Input material →
# # # # # # #

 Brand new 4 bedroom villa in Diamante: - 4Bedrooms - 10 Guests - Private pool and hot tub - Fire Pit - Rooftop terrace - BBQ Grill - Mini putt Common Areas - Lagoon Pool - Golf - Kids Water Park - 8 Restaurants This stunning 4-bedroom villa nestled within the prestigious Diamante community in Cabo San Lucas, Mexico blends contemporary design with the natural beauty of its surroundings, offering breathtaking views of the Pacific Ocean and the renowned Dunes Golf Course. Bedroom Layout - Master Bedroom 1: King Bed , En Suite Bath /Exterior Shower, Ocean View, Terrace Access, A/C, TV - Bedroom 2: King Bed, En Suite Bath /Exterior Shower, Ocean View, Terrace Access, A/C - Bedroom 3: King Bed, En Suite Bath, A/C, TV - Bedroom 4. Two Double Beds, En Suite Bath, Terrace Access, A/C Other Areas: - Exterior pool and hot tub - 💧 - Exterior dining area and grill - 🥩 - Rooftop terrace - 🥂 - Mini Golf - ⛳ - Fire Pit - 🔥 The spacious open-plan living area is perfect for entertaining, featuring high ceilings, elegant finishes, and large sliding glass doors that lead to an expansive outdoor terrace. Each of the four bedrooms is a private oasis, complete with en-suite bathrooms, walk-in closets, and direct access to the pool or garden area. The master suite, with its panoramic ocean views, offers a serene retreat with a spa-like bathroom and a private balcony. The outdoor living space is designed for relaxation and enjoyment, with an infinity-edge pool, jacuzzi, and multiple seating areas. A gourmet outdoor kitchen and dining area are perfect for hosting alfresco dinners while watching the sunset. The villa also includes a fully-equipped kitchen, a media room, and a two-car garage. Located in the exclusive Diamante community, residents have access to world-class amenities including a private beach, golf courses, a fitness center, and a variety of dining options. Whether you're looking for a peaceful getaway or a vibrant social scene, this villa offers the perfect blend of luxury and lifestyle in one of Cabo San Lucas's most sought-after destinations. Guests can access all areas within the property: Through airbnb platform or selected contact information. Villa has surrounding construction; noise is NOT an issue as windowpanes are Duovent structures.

# # # # # # #

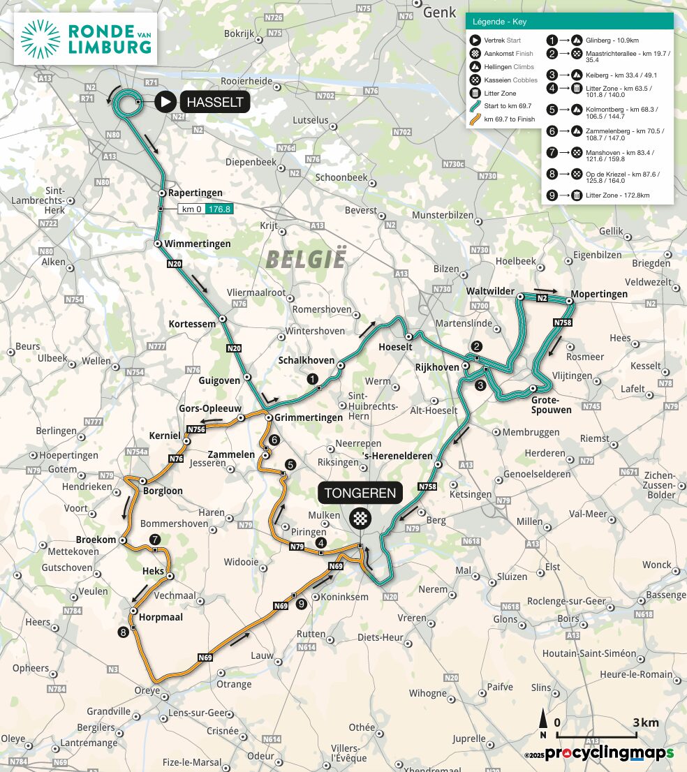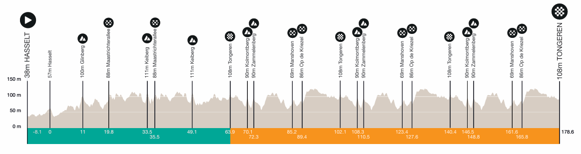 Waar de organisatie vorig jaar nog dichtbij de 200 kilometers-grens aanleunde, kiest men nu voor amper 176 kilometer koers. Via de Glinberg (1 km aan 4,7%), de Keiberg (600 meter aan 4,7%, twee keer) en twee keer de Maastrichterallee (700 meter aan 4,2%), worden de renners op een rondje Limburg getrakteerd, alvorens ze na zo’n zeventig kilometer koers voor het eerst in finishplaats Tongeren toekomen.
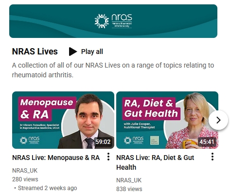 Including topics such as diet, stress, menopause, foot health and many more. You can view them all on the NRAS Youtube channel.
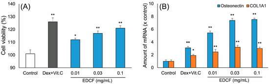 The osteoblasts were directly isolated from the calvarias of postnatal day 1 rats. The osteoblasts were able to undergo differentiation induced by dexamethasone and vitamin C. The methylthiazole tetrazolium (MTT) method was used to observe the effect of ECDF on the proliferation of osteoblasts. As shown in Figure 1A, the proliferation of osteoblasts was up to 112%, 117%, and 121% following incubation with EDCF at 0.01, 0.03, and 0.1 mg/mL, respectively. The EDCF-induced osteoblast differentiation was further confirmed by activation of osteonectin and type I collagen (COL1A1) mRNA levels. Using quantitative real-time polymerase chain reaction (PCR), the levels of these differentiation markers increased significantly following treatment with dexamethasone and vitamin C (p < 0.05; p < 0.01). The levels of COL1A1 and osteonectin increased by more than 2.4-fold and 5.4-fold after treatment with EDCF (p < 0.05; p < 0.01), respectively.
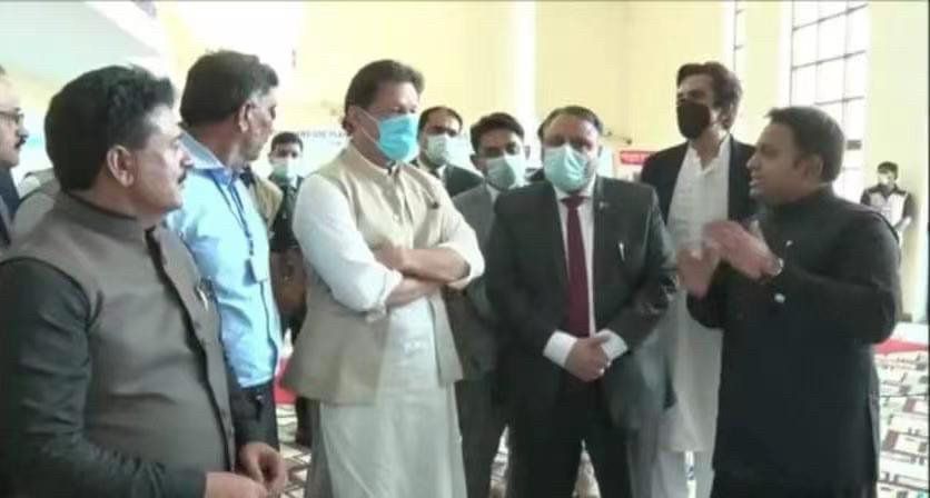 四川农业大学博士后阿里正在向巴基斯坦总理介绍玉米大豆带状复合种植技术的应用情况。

# # # # # # #

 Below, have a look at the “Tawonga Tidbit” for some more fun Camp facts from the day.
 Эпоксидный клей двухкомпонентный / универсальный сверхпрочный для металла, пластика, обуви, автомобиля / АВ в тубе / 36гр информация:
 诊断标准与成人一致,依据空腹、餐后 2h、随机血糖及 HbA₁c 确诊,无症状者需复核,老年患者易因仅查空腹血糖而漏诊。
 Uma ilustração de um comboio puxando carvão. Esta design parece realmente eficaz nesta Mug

# # # # # # #

Requirement →
Copy out each line of the data above, exactly, if it lies between the line holding "Below, have a" and the line holding "Uma ilustração de", inclusive; copy no other line.

The completed task →
 Below, have a look at the “Tawonga Tidbit” for some more fun Camp facts from the day.
 Эпоксидный клей двухкомпонентный / универсальный сверхпрочный для металла, пластика, обуви, автомобиля / АВ в тубе / 36гр информация:
 诊断标准与成人一致,依据空腹、餐后 2h、随机血糖及 HbA₁c 确诊,无症状者需复核,老年患者易因仅查空腹血糖而漏诊。
 Uma ilustração de um comboio puxando carvão. Esta design parece realmente eficaz nesta Mug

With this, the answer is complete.